Before Graeber answers, he opens a water bottle and places 11 capsules and tablets on the hotel room table. "Two are for blood pressure," he says. The rest are vitamin supplements.
Whatever one thinks of academics and authors, it cannot be said that Graeber doesn't work hard at both occupations. His books so far include Lost People: Magic and the Legacy of Slavery in Madagascar; Debt: The First 5,000 Years and The Democracy Project: A History, a Crisis, a Movement. He's currently working on a new one, about cities.
Challenges of automation
Anthropologists, academics and authors are interesting topics, David Graeber says, but what he wants to talk about is a different "A" word: automation. "Robots really are leading to significant gains in productivity in manufacturing, meaning that workers are downsized," he comments. "But there's the same tendency to add useless levels of managers between the boss and the venture capitalists and the workers."
He's critical of "surveillance capitalism", which centres on data collected by monitoring people's activities online and in the real world. "We see companies creating more bullshit jobs to manage and watch workers, thereby making their jobs shittier," he says. "But you could argue that the surveillance jobs aren't really bullshit, because they are doing something, even if it's something not very nice," he adds.
His real passion, however, is reserved for what he calls "the caring sector" – health, education and social services. "The creation of meaningless administrative jobs and the related bullshitization of real work that forces nurses, doctors and teachers to fill out endless forms all day is lowering productivity massively and making work and life shittier," he says.

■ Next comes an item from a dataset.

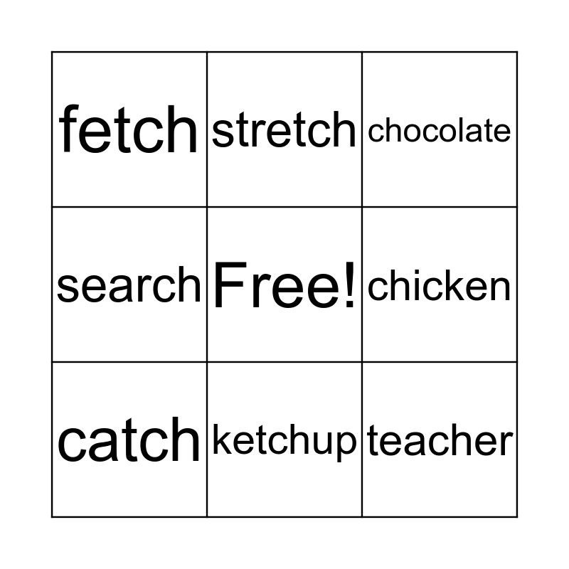 This bingo card has a free space and 13 words: choose, change, catch, stretch, search, teacher, compare, kitchen, ketchup, fetch, chicken, chocolate and watch.
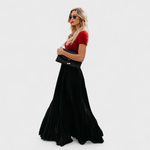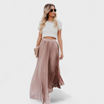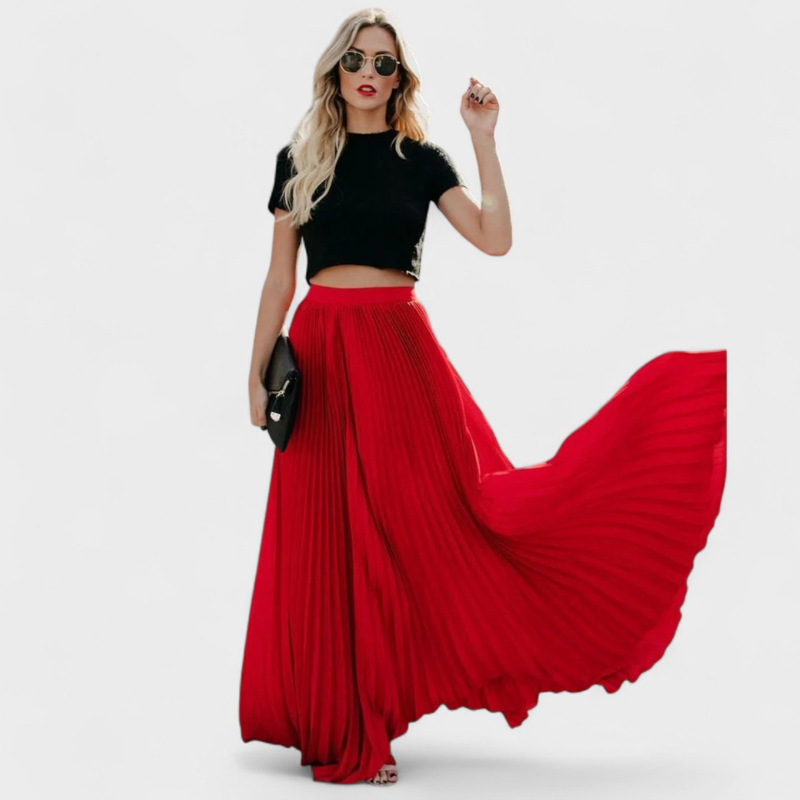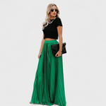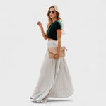Esta saia longa plissada combina fluidez e sofisticação como nenhuma outra. Com um corte leve e esvoaçante, cria um efeito visual hipnotizante enquanto se movimenta, transformando qualquer simples passeio numa entrada triunfante. Perfeita para quem deseja destacar-se com classe, mantendo sempre um toque moderno e casual.

Is there a solution? Graeber is a fan of the "basic income" – the idea that governments should give us all cash every month, no questions asked. Most people, Graeber says, would be better off living on "free" money instead of doing soulless jobs. The basic income would pay people for those essential "invisible" forms of work, such as caring for sick relatives, visiting the lonely or doing housework, and it would also support underpaid workers. Right now, the idea of paying people for being alive is the kind of thing only a radical professor can take seriously because economies and societies would have to be reordered dramatically for a world based on paid leisure rather than paid labour.
David Graeber disagrees. He's convinced that our economic system is irrational because the idea of eliminating meaningless work is considered to be the problem, not the solution.

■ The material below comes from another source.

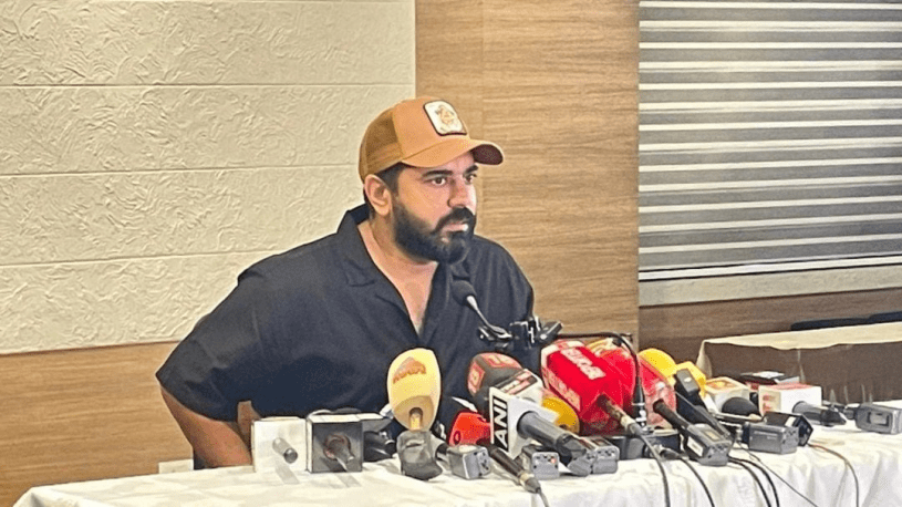 നടൻ നിവിൻ പോളിയുടെ വാർത്താസമ്മേളനത്തിൽനിന്ന്

Third book story: in 1923, F. Scott Fitzgerald decided to write "something new – something extraordinary and beautiful and simple". When he finished the book, he suggested that it should be called Under the Red, White, and Blue. His editor, Maxwell Perkins, gave it a shorter title: The Great Gatsby. In 2013, David Graeber wrote a magazine article titled "On the Phenomenon of Bullshit Jobs" and, five years later, it became a book: Bullshit Jobs. A short book title is better than a long one, and a good book title is best of all.